*ABOUT THIS TASK*: Could you write out, exactly, every line from the top of the data through the line holding "Po wyjściu na"? Omit the pictures.

*SUPPLIED INFORMATION*:

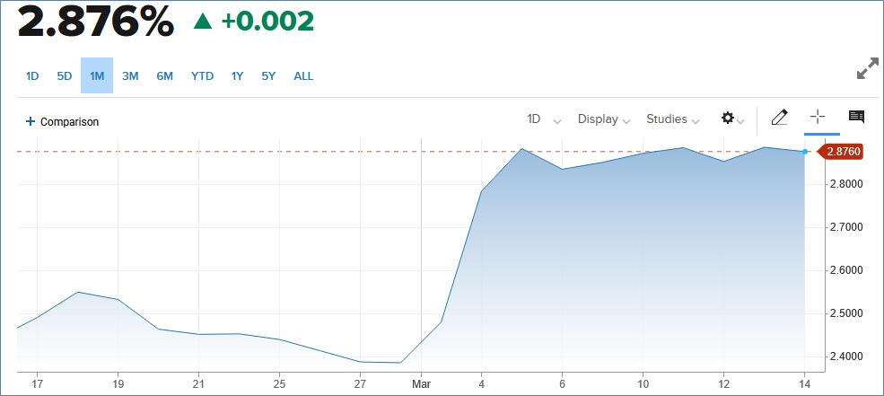 There’s also foreign competition for investors that buy bonds. Traditionally, the US has been the big spender in the world. We are not only the most charitable country, but we supplement the security of nations around the globe. The Trump administration wants to significantly reduce the amount we contribute worldwide to lower our deficit. That will require others to pick up the slack. The European Union announced on March 4th they have agreed in principal to fund $800-Billion Euros in new defense spending to make up for the US’s actions. That large amount of spending – not even approved yet, sent rates for the German equivalent to our US 10-Year Note (The German 10-Year Bund) to jump 22.5% overnight.
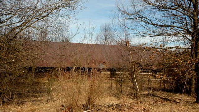 Po wyjściu na otwarty teren dostrzegam w oddali, pod ścianą lasu bardzo zaniedbane drzewa owocowe i ledwo widoczny wśród nich stary drewniany dom z bali.
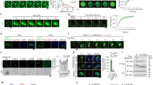 In droplets formation assay, pure EGFP- or AlexaFluor (AF) 488-labeled SARS2-NP demixed into spherical droplets in solutions with proper protein concentration which were not the artefacts of the EGFP tag (Supplementary Fig. 2d, Fig. 2d). Liquid droplets were obviously observed at weak acidic conditions (pH 4.5–7.5, Supplementary Fig. 2d) and low salt concentrations (50–150 mM, Supplementary Fig. 2e). The droplets formation was gradually reduced and finally diminished following pH or salt concentration increases (Supplementary Fig. 2d, e). Meanwhile, the LLPS ability of SARS2-NP was enhanced by RNA (Fig. 2d–f, i, Supplementary Fig. 2d, e). These observations are consistent with previous studies18,21,23. Interestingly, the EGFP-tagged SUMO3-SARS2-NP chimeric proteins formed larger droplets and were more abundant than the droplets formed by EGFP-SARS2-NP WT, without or with RNA (Supplementary Fig. 2d, e). To solidify this observation, we made a new version of SUMO3-SARS2-NP chimeric protein which could be dissociated effectively by TEV protease acting on the cut site in-between (Fig. 2c). As shown in Fig. 2d, dissociation of SUMO3-SARS2-NP resulted in a significant reduction of droplets formation to the level of SARS2-NP formed. Time-lapse microscopy was subsequently utilized to observe LLPS in real time, in which SARS2-NP WT was time-scale increased with the droplet size as expected (Fig. 2e). Strikingly, more rapid, abundant, and larger fusions were observed in SUMO3-SARS2-NP than those in SARS2-NP WT (Fig. 2e). Fluorescence recovery after photobleaching (FRAP) was used to assess the flow activity of SARS2-NP liquid droplets. After selectively bleaching the central part of the droplets, fluorescence recovery was observed within the SARS2-NP droplets, and more efficient diffusion was reflected within the SUMO3-SARS2-NP liquid droplets on a shorter time scale (Fig. 2f). Compared to SARS2-NP WT, SUMO3-SARS2-NP also exhibited a stronger LLPS ability with RNA (Supplementary Fig. 2d, e, Fig. 2d–f). As such, SUMO3 fusion and most likely SUMOylation promote SARS2-NP LLPS without or with RNA.
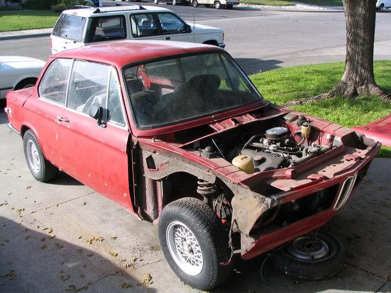 Well, here's a few quickie pics of what the 02 looks like now, or at least close to. It currently doesnt have the trunk lid on it anymore (it is covered with plastic sheet taped tight and a junky car cover, so it's not getting wet), rear side windows are out, but the hood actually IS sat on top where it would be. Once I can get it in the garage I'm building a dolly for it ASAP, tearing off all the original suspension and probably selling it off cheap, and going at the body work, including removing all the road grime and crap from the bottom to bare metal to paint it again and put down some WURTH undercoating, then paint it black. The M10 and tranny need to go still, that's one thing I've been seriously slacking on, that is getting rid of all my spare M10 stuff. Anybody locally need a cheap running M10? I also have lots of other stuff that could be used as cores to rebuild :)

*RESULT OF THIS EXERCISE*:
 There’s also foreign competition for investors that buy bonds. Traditionally, the US has been the big spender in the world. We are not only the most charitable country, but we supplement the security of nations around the globe. The Trump administration wants to significantly reduce the amount we contribute worldwide to lower our deficit. That will require others to pick up the slack. The European Union announced on March 4th they have agreed in principal to fund $800-Billion Euros in new defense spending to make up for the US’s actions. That large amount of spending – not even approved yet, sent rates for the German equivalent to our US 10-Year Note (The German 10-Year Bund) to jump 22.5% overnight.
 Po wyjściu na otwarty teren dostrzegam w oddali, pod ścianą lasu bardzo zaniedbane drzewa owocowe i ledwo widoczny wśród nich stary drewniany dom z bali.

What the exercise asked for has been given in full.